Marla knew she might say something stupid and lose her job, so she didn’t reply at all.

“You know that foreign man out there with the dog?” Moss’ unofficial interrogation had begun, and Marla felt like a prisoner of war.

“His name is Eddie Gruzins. He’s Latvian, but he’s been living up Shale Creek for over fifty years, ever since the Iron Curtain came down on his homeland. He used to come in sometimes for a cup of coffee or a chat at the place where I used to work, before —”

“Well, listen good,” Moss snarled. “We don’t need that kind of riff-raff immigrant in here, not him or his filthy dog.” Knowing he needed Marla’s cooperation if it came to an inquiry about the incident, he paused, then cooed with slimy passive aggression, “Now, do we, Marla?”

She didn’t answer him, but raised her eyes and glared back. Her self-concerns had evaporated with the word “filthy.”

“What you did was … completely unnecessary, Mr. Moss.” Her voice was surprisingly composed. She wasn’t afraid of him. “What happened out there was a tragedy. But the only filthy part about it is how long it will take to make things right again around here.”

Her supervisor pursed his lips and took a step back, lifting his chin to make himself a half inch taller.

“I don’t know what’s gotten into you, Marla. Are you on drugs or something?”

Marla’s jaw clenched. She felt like slapping him, or laughing in his face, or both. While these possibilities competed in her conscience, the two stared each other down. Breaking the stalemate, Mr. Moss took out a tiny notebook and began to scribble.

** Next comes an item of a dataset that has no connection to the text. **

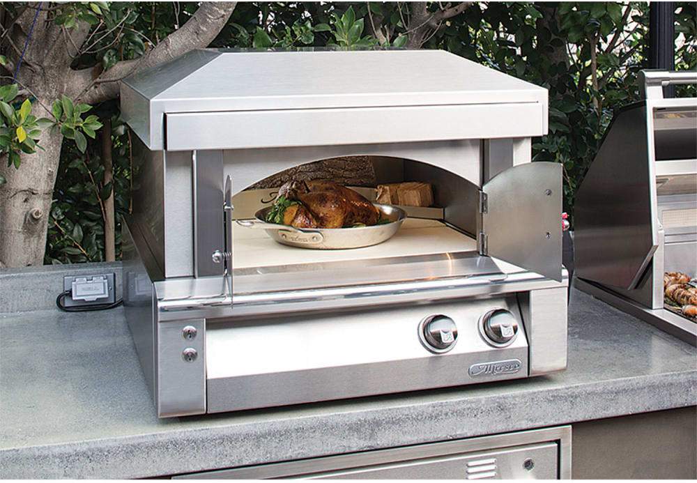 The Alfresco 30" Countertop Pizza Oven integrates perfectly into any Alfresco outdoor kitchen. The Alfresco pizza oven is sure to become your favorite creative culinary tool. It preheats in 15 min. and can reach over 1000° F, allowing you to roast, bake, iron-skillet sear, and of course, cook perfect three minute Neopolitan pizzas.

Marla knew, either way, she was bound to lose. So, why waste her breath? She’d let her boss stew in his own sorry juices. Work was not life and death. It was only money, and lousy money at that, just a rusty sip from a crappy cup of coffee. A real bottomless bargain. Hell no, not anymore. Marla had made up her mind to quit.

 

Fifteen minutes later, things were back to normal at WhaleMart. Marla defrosted another tray of muffins. She intended to finish her shift and give notice. Over the loudspeaker, Mr. Moss got back to business, informing shoppers of an unadvertised discount on left-over paint in Aisle One. Then, in a sudden whirlwind, the bi-colored banners exploded upward like frightened birds and a blue blur plowed through the double doors, smashing everything between them and the Customer Service Desk. Florescent bulbs crashed down from the ceiling. Flying glass, door frames, display cases, a million bits of paper, dust and plastic bags exploded inside the store’s main entrance. The truck slid across the polished linoleum floor and careened into the pyramid of bargains. Eddie slumped over the steering wheel, crying like an inconsolable child.

        

The local editor’s headline downplayed the incident: Shale City Loses Best Friend. Inside there was a double page of advertisements for holiday values and employment opportunities at WhaleMart. A photo of Riga, blown up to show his sweetest features, appeared in the Obituaries. Riga’s fluid brown eyes were dark, trusting, and innocent. Unlike everyone who remembered and missed him, he was out of his misery. Edvard Gruzins was listed as his sole survivor.